**Records provided:**
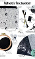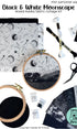 This is a beginner-friendly, fabric collage landscape embroidery kit. It includes all materials needed (EXCEPT SCISSORS) to create a monochrome moonscape like the one pictured here:
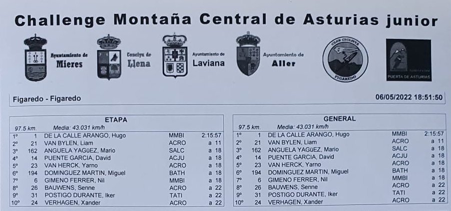 Hugo de la Calle (MMR) ha ganado la primera etapa de la Challenge Montaña Central Asturias Júnior que ha tenido salida y meta en Figaredo. Su tiempo ha sido de 2:15.57. Lian Van Bylen ha entrado a 11 segundos y Mario Anguela, a 18.
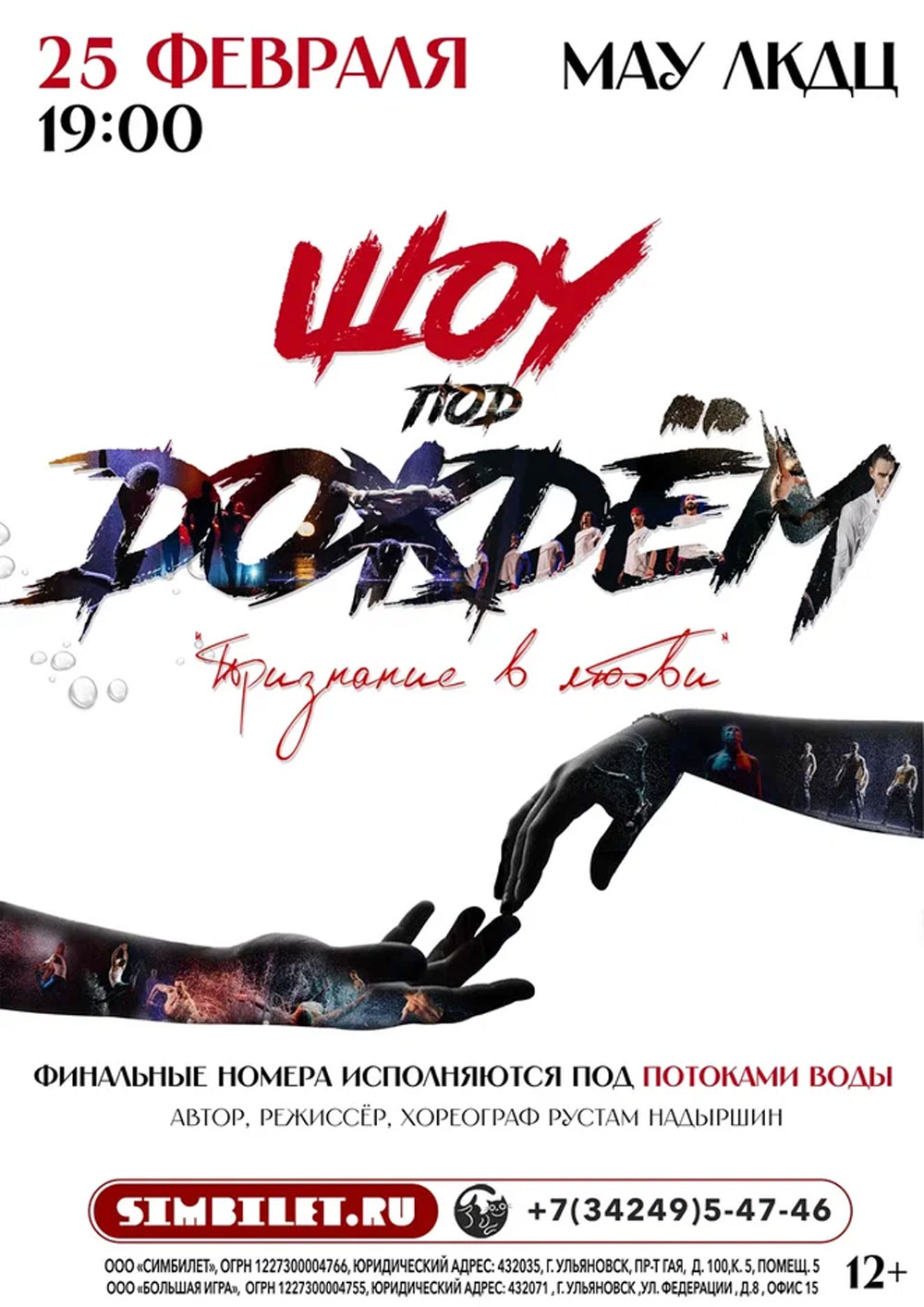 Билеты по ссылке: https://simbilet.ru/shows/3814.sou-pod-dozdem-v-priznanie-v-liubvi-31
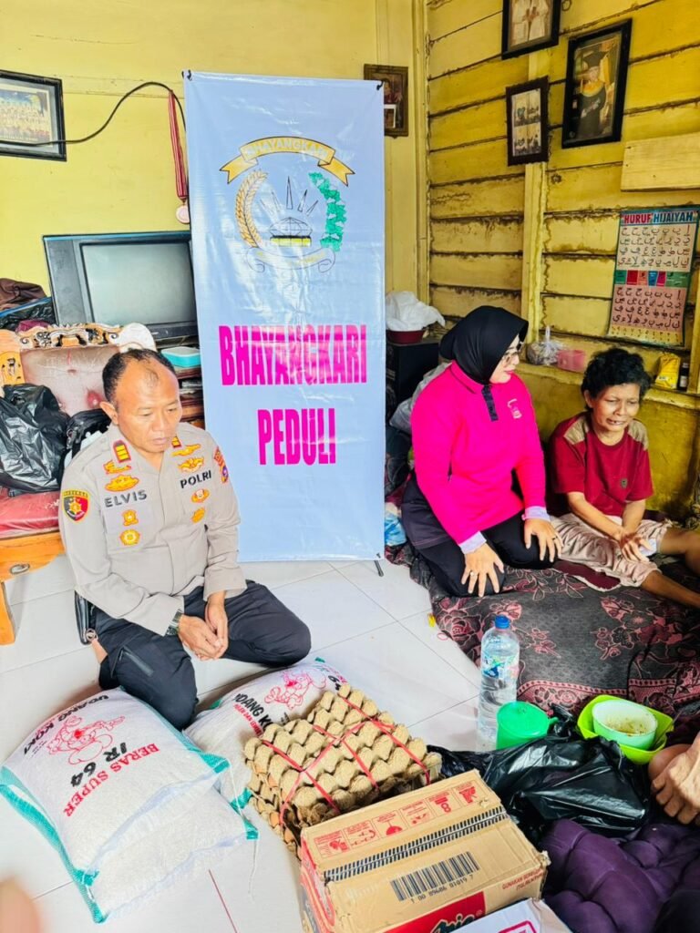 Dalam kegiatan tersebut, tim yang dipimpin AKP Elvis Susilo didampingi Ketua Bhayangkari Ranting Sungai Beremas Ny. Fitri Elvis, serta personel Bripka Fajar dan Bhabinkamtibmas Bripka Aprima Heldi, menyerahkan bantuan berupa sembako.
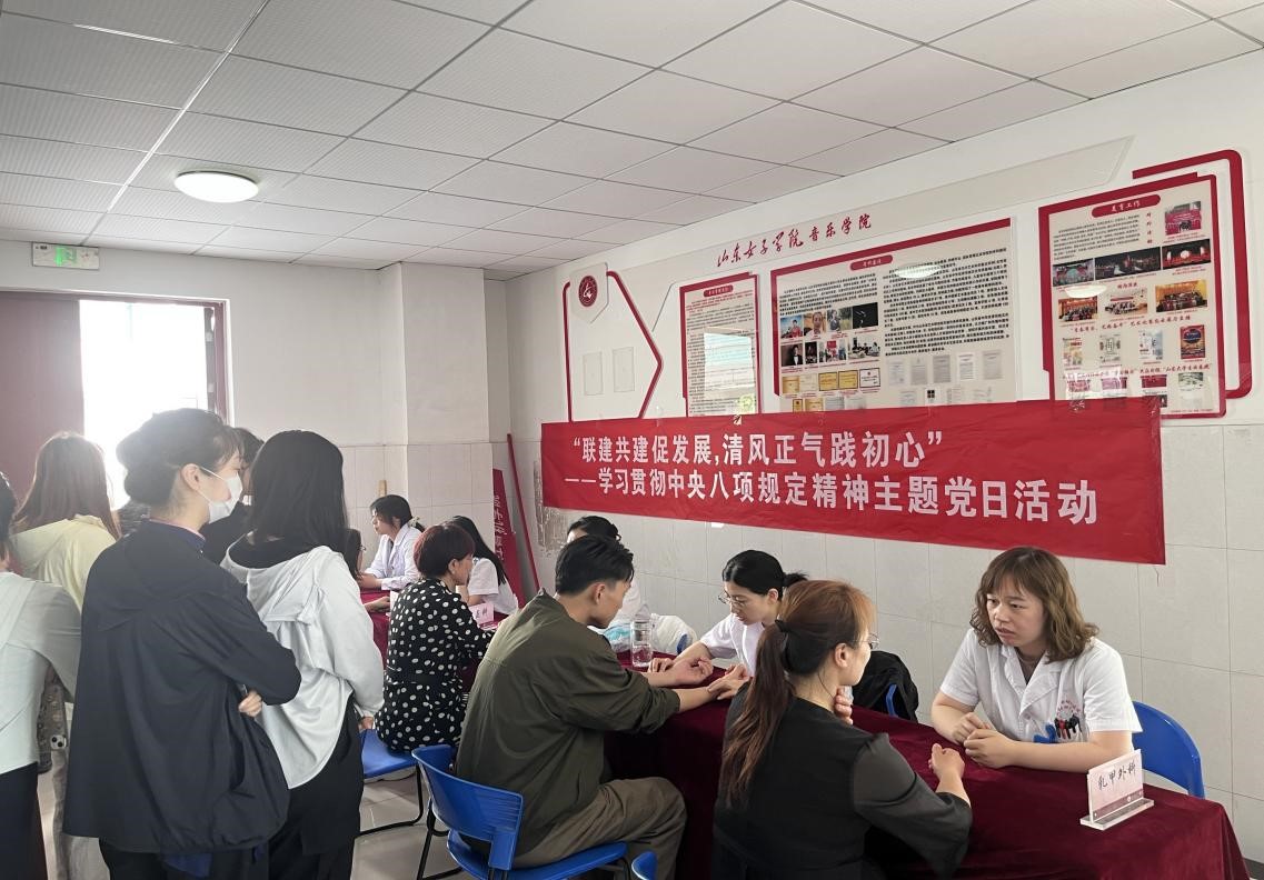 会后,党支部以“联建共建促发展,清风正气践初心”为主题,联合开展主题党日活动。山东省妇幼保健院总务科党支部的医护人员开展义诊,为师生提供健康诊疗,受到师生的热烈欢迎。
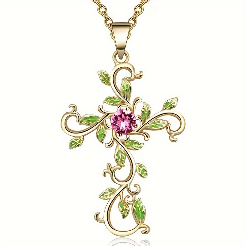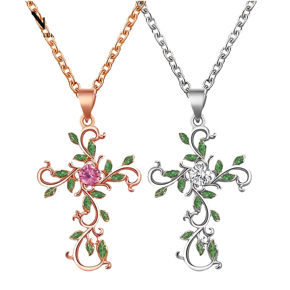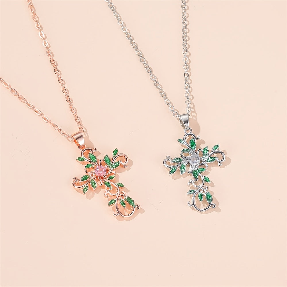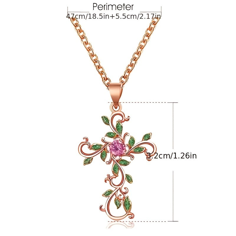 This elegant necklace features a leaf cross pendant with inlaid zircon for a touch of sparkle. Symbolizing good luck and protection, this neck jewelry is a meaningful accessory for everyday wear.
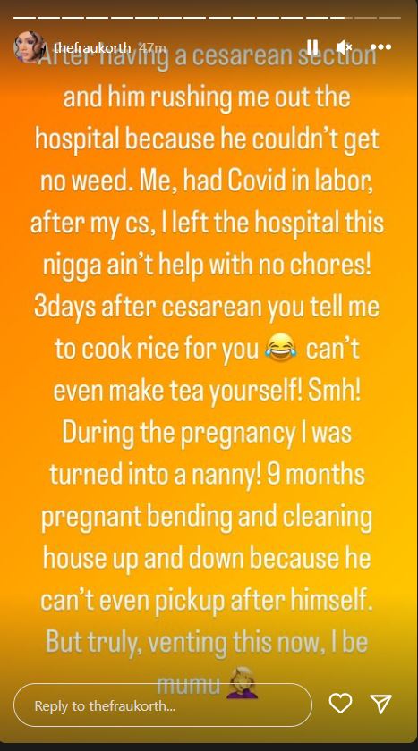 “I, truly tired, No we cant take this anymore. He doesn’t even respect my mom. She go talk her own later. Cant even provide finncially for the house. But can always buy weed o. Chai na me mumu sha.
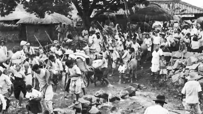 후퇴하는 군을 따라 피난길에 오른 주민들.
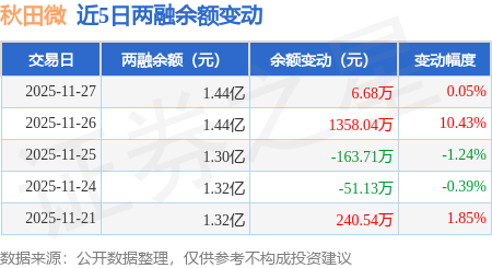 证券之星消息,11月27日,秋田微(300939)融资买入2488.45万元,融资偿还2481.77万元,融资净买入6.68万元,融资余额1.44亿元。
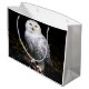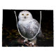 Fotografi av porträtt av stora snövrak uggla som står på gren.
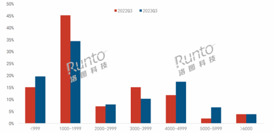 其中,4000-6000元的中高端价格段在第三季度占比为24.1%,比去年同期上涨了10.3个百分点。
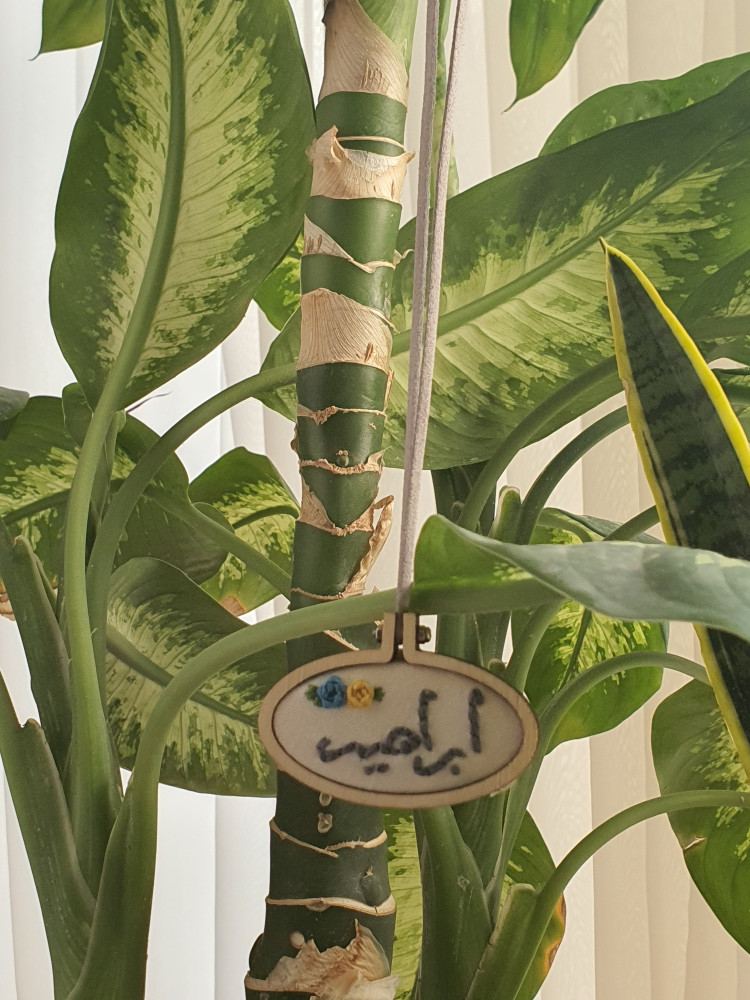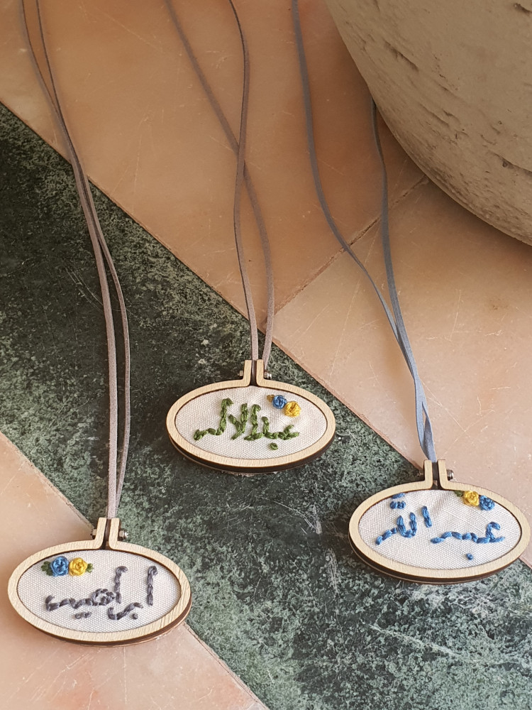 • تعليقة بيضاوية الشكل أنيقة مُطرزة خصيصاً لك, تأتي بمقاس 5 سم تقريباً.
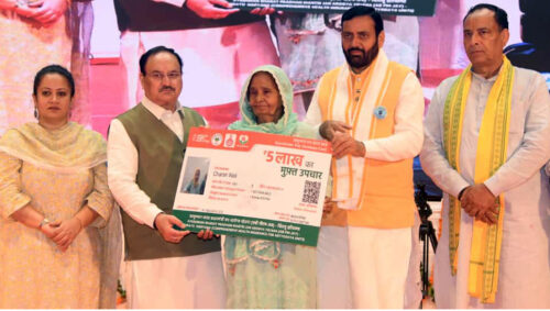 प्रधानमंत्री आयुष्मान भारत जन आरोग्य योजना के तहत 70 वर्ष व अधिक आयु वर्ग के बुजुर्गों को वयवंदन कार्ड और आयुष्मान योजना के लाभार्थियों को आयुष्मान कार्ड का वितरण भी किया। समारोह में कैंसर को मात देने वाले कैंसर चैंपियन को भी सम्मानित किया गया। समारोह में जे पी नड्डा और नायब सिंह सैनी ने उपस्थितजनों को अंग दान तथा स्वस्थ आहार – संतुलित आहार की शपथ भी दिलवाई। केंद्रीय स्वास्थ्य एवं परिवार कल्याण मंत्री जगत प्रकाश नड्डा ने प्रधानमंत्री नरेन्द्र मोदी के जन्मदिन पर रोहतक शहर के सेक्टर 2 में मियावाकी पद्धति से तैयार किए जा रहे नमो वन का उद्घाटन पौधरोपण के साथ किया। जेपी नड्डा ने मुख्यमंत्री के साथ मिलकर रोहतक वासियों संग नमो वन में करीब 10 हजार पौधे रोपित करते हुए पर्यावरण संरक्षण का संकल्प लिया।
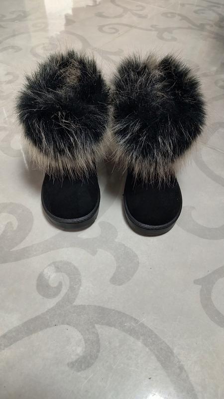 Теплые угги на девочку (искусственный мех), но очень хорошего качества, теплые, внутри мех, в размерах 25 размер - стелька 16 см; 27 размер (2 пары) - 17,5 см; 28 размер - 18,5 см Цена в магазине 700 грн, розродаж
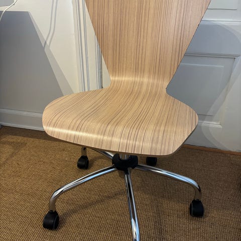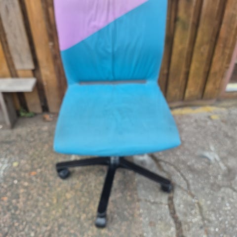 Ældre fuldpolstret kontorstol med mørkerødt stof.

**Task to carry out:** Please copy out from the data above, without any picture, exactly the lines running from the one that holds "Hugo de la Calle" through the one that holds "This elegant necklace", and nothing beyond them.

**Task result:**
 Hugo de la Calle (MMR) ha ganado la primera etapa de la Challenge Montaña Central Asturias Júnior que ha tenido salida y meta en Figaredo. Su tiempo ha sido de 2:15.57. Lian Van Bylen ha entrado a 11 segundos y Mario Anguela, a 18.
 Билеты по ссылке: https://simbilet.ru/shows/3814.sou-pod-dozdem-v-priznanie-v-liubvi-31
 Dalam kegiatan tersebut, tim yang dipimpin AKP Elvis Susilo didampingi Ketua Bhayangkari Ranting Sungai Beremas Ny. Fitri Elvis, serta personel Bripka Fajar dan Bhabinkamtibmas Bripka Aprima Heldi, menyerahkan bantuan berupa sembako.
 会后,党支部以“联建共建促发展,清风正气践初心”为主题,联合开展主题党日活动。山东省妇幼保健院总务科党支部的医护人员开展义诊,为师生提供健康诊疗,受到师生的热烈欢迎。
 This elegant necklace features a leaf cross pendant with inlaid zircon for a touch of sparkle. Symbolizing good luck and protection, this neck jewelry is a meaningful accessory for everyday wear.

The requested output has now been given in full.